This story contains magic and references to Addergoole but no slavery, sex, or violence.
For rix_scaedu‘s prompt
Faerie Apocalypse has a landing page here here (and on LJ).
This takes place during the apoc, ~2012-2013
Out There, the bombs were falling, and the people were screaming and fleeing.
Bethesda stretched, reaching for a set of eyes near the road. She had a feeling, as she did sometimes, that someone was coming who she should let in.
Not every refugee made it past Bethesda’s threshold, of course, or she would be over-flowing with people and nowhere to put them, nothing to feed them. She had to pick and choose, which was frustrating and sometimes enraging – both to her, and to those she left behind – but necessary. This war made for a lot of hard choices.
There, in the crowd, her senses told her there were four – a mother, a child, a young man, and a terrified girl in her twenties. Bethseda whispered the Words, and opened up a door for them. Would they take her hospitality? Not everyone did. Not everyone appreciated it.

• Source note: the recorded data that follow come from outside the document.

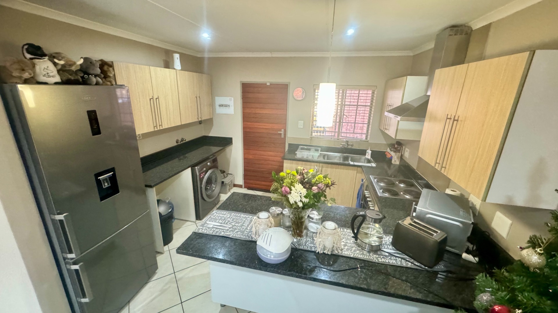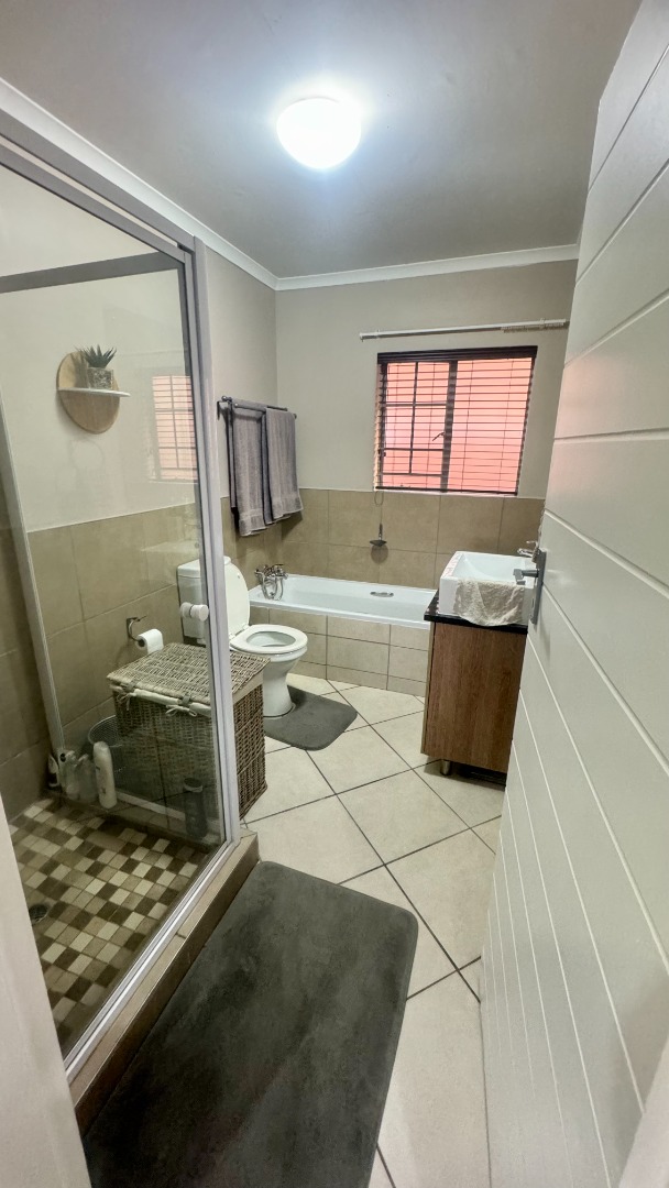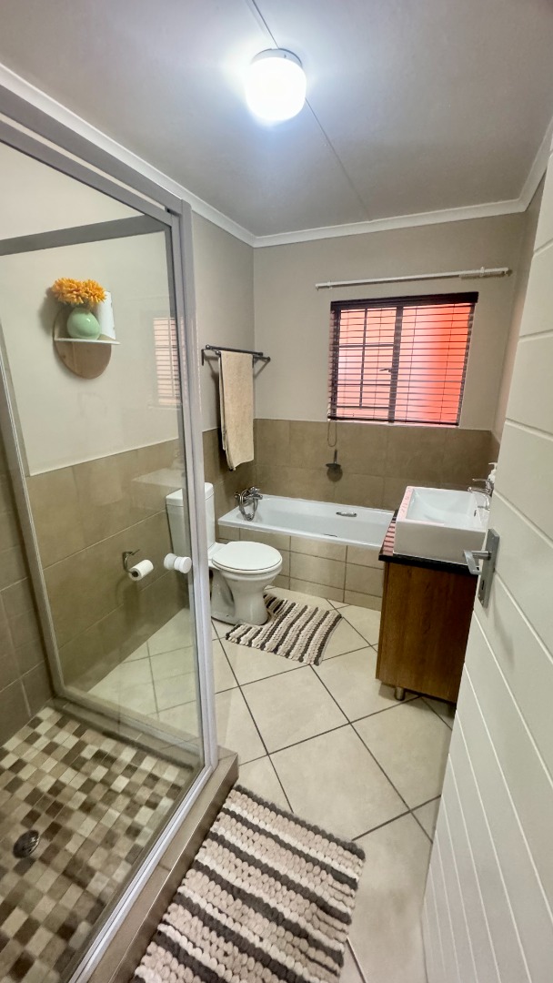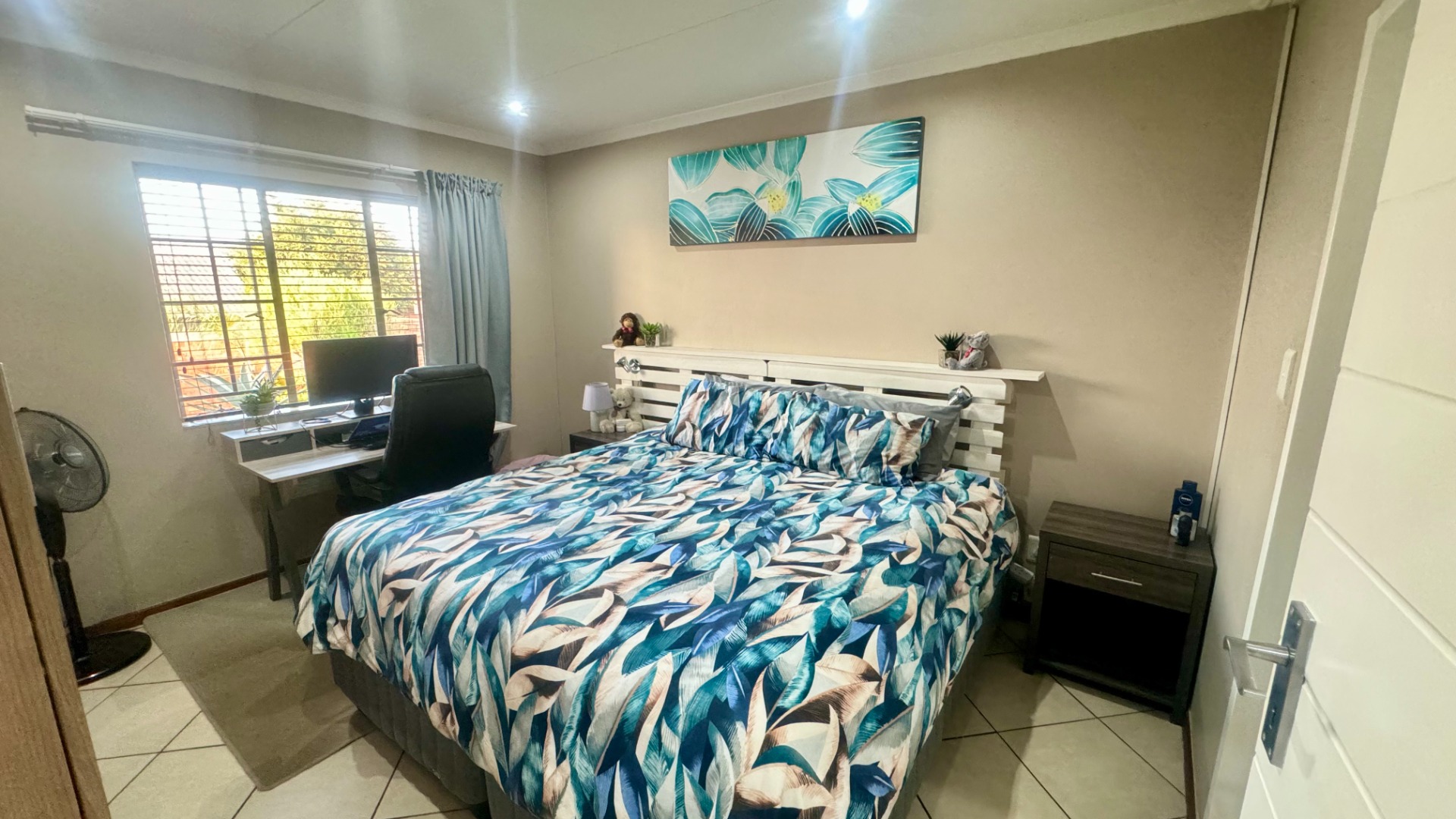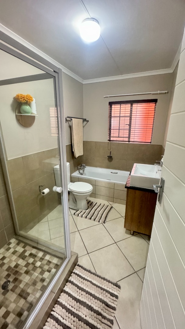 Discover an unparalleled lifestyle within the esteemed Mooikloof Ridge estate in Pretoria. This magnificent 3-bedroom, 2-bathroom residence, spanning 129 sqm on a generous 300 sqm erf, epitomises sophisticated living. The seamless open-plan design effortlessly connects the elegant lounge and dining areas, creating an inviting ambiance perfect for both grand entertaining and intimate family moments. A well-appointed kitchen and sliding doors leading to a private patio and lush garden offer a serene outdoor retreat. Each of the three spacious bedrooms provides a tranquil haven. The master suite boasts a luxurious en-suite bathroom, offering a spa-like experience. A second impeccably finished bathroom serves the additional bedrooms, ensuring convenience and elegance. Beyond the interiors, the property extends its allure with a private garden and a refreshing pool, ideal for leisurely afternoons. The estate itself offers an array of exclusive amenities, including a sophisticated clubhouse and a squash court, catering to an active and social lifestyle. Two dedicated garages and an additional parking space ensure paramount convenience. Residing within a secure complex and estate, this home offers peace of mind with 24-hour security, CCTV surveillance, electric fencing, and a manned security post. An access gate, intercom system, and security gate further enhance protective measures. Modern connectivity is assured with fibre internet access. Nestled in the prestigious Mooikloof Ridge, Pretoria, this address offers an exceptional blend of suburban tranquility and convenient access to urban amenities. It presents a rare opportunity to acquire a distinguished residence in one of South Africa's most sought-after locales. Key Features: * 3 Bedrooms, 2 Bathrooms (1 En-suite) * 1 Lounge, 1 Dining Room, 1 Kitchen * Private Pool, Patio, Garden * 2 Garages, 1 Parking * Estate Amenities: Clubhouse, Squash Court * Fibre Ready, Pet-Friendly * 24-Hour Security, CCTV, Electric Fencing * Open Plan Living, Paving, Driveway, Entrance Hall, Sliding Doors
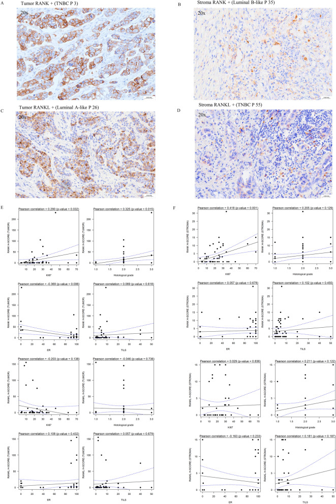 Results: Denosumab demonstrated its ability to reduce serum free RANKL levels (experimental p < 0.001, control p = 0.270). However, a reduction in tumor cell proliferation or cell survival was not observed. A denosumab-driven increase in tumor infiltrating lymphocytes (TILs) was observed (experimental p = 0.001, control p = 0.060), particularly in the luminal B-like population (experimental p = 0.012, control p = 0.070) and a similar trend in the TNBC group (experimental p = 0.079, control p = 0.237). Denosumab led to increased TILs in both pre-menopausal (experimental p = 0.048, control p = 0.639) and post-menopausal (experimental p = 0.041, control p = 0.062) women with luminal tumors. RANK protein expression in tumor and stroma was associated with markers of tumor aggressiveness but an increase in TILs was observed in the experimental arm, irrespectively of RANK and RANKL expression in tumor or stromal cells.
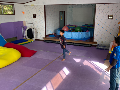 室内に入りマット登りや鬼ごっこ、ドッジボール、また子供たちで考えた遊びなどを行い、
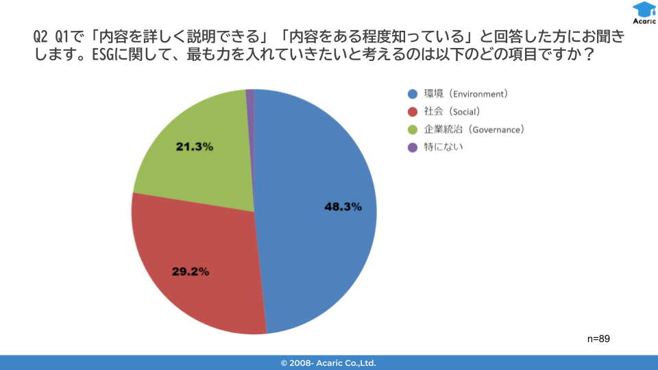 - ESGに関して、最も力を入れていきたいのは「環境」
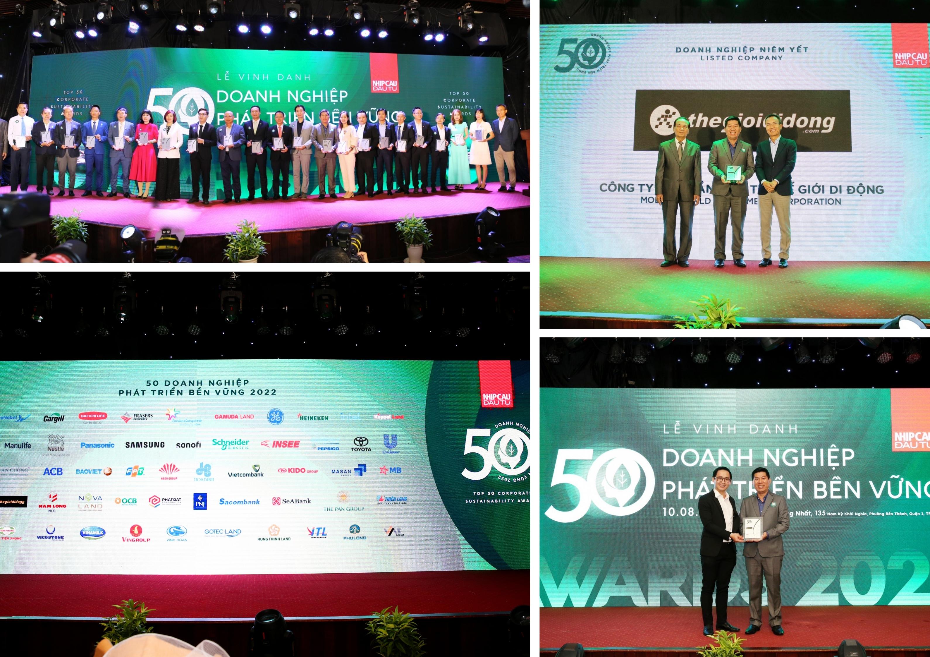 Ngày 10/08/2022, MWG vinh dự được vinh danh trong ‘Top 50 Doanh nghiệp phát triển bền vững 2022’ tại chương trình Bình chọn Doanh nghiệp phát triển bền vững 2022 (Corporate Sustainability Awards) .
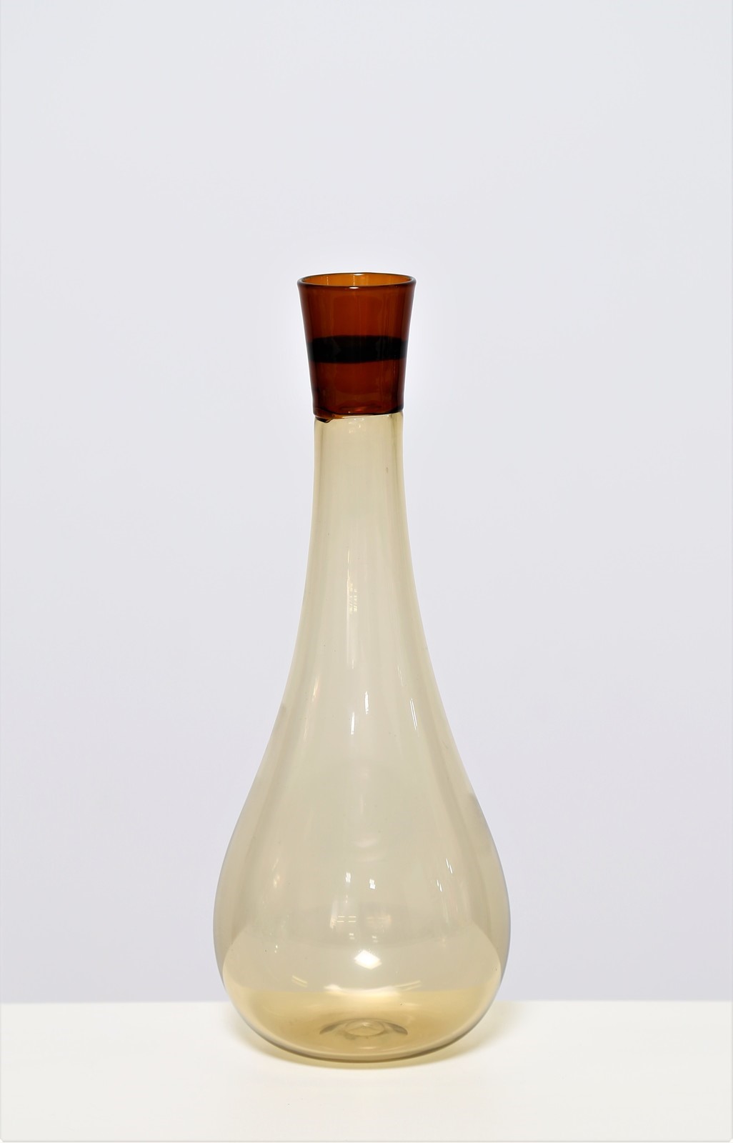 . -. Cm 11,00 x 31,00 x 11,00. Vetro soffiato color pagliesco con collo a incalmo color the e fascia scura centrale, della serie “Colletti” per Venini 1961. Modello numero 512.3. Pubblicazioni: Venini catalogo verde pag.25.

When she had first Changed, she had been miserable. She’d been in pain for weeks, of course, hands and legs, bones and skin shifting, stretching, until she was a tiny cottage, not remotely human anymore, except in mind, except in spirit. She’d finished her four years at school – near school, at least – and learned everything she could in that time.
One of the things she learned is that she was growing, and would continue to grow, possibly forever. Another thing she learned was that she had a great-grandmother who was now a castle, which gave her hope.
She learned that she could use Words. That she could still feel. And that, while she no longer had a body in the conventional sense, she still had ways of interacting with other people, even intimately. After all, her great-grandmother the castle had made children.
And she learned, slowly and with a great deal of effort, that, like Baba Yaga’s cottage (but with better legs), she was mobile. Slowly, very slowly (her legs were shorter), Bethesda could move. And, as she grew, she learned how to move her property with her, which had to be, she admitted, the strangest thing, a house walking through the city with a yard like a skirt hanging around her, covering her underpinnings.
Once she had these refugees, those who would stay, she might move again. This city didn’t seem like a good place to stay much longer. She opened her gate, and welcomed them into herself.